A look at Giorgia Meloni’s ascent to power as a far-right leader set to become Italy’s next prime minister

Far-Right party Brothers of Italy’s leader Giorgia Meloni shows a placard reading in Italian “Thank you Italy” at her party’s electoral headquarters in Rome, early Monday, Sept. 26, 2022.

Far-right politician Giorgia Meloni is poised to become Italy’s first woman prime minister.
Her ultra-conservative party garnered the most votes in the country’s national election held on Sunday.
The 45-year-old ascended to power after she joined the Italian Social Movement as a youth activist in her teenage years.

Far-right firebrand politician Giorgia Meloni is poised to become Italy’s first woman prime minister after the 45-year-old’s ultra-conservative party garnered the most votes in the country’s national election held on Sunday.

Meloni led the Brothers of Italy party — which has roots in the post-World War II neo-fascist Italian Social Movement — to victory after co-founding the party in 2012 and becoming its president two years later. 

Early Monday morning, Meloni called it “a night of pride for many and a night of redemption,” CNN reported

“It’s a victory I want to dedicate to everyone who is no longer with us and wanted this night,” Meloni said to a crowd of supporters, according to the news outlet. “Starting tomorrow we have to show our value … Italians chose us, and we will not betray it, as we never have.”

Giorgia Meloni casts her vote at a polling station on September 25, 2022 in Rome.
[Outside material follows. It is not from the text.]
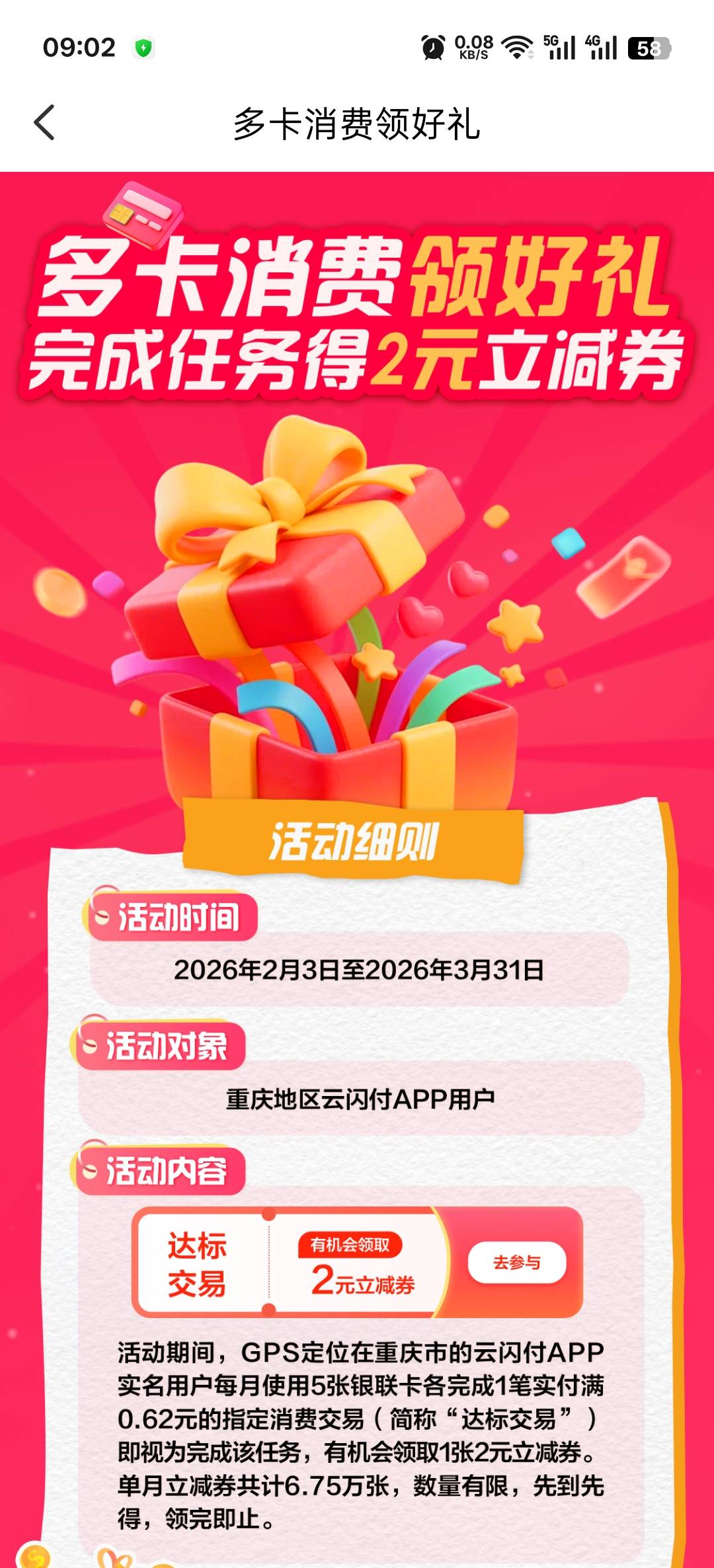 重庆云闪付多卡支付领2元立减券活动

Meloni’s Brothers of Italy party won the most votes in the election with about 26 percent of the vote, putting Meloni on track to become the next Italian prime minister. 

With Meloni’s party in power, Italy’s government is expected to be the most right-wing since the era of late Italian dictator Benito Mussolini, who ruled the country from 1922 to 1943. 

Meloni, a mother-of-one, was raised by a single mom in Rome’s working-class district of Garbatella after her father walked out on the family. 

Giorgia Meloni takes a selfie with supporters during a rally.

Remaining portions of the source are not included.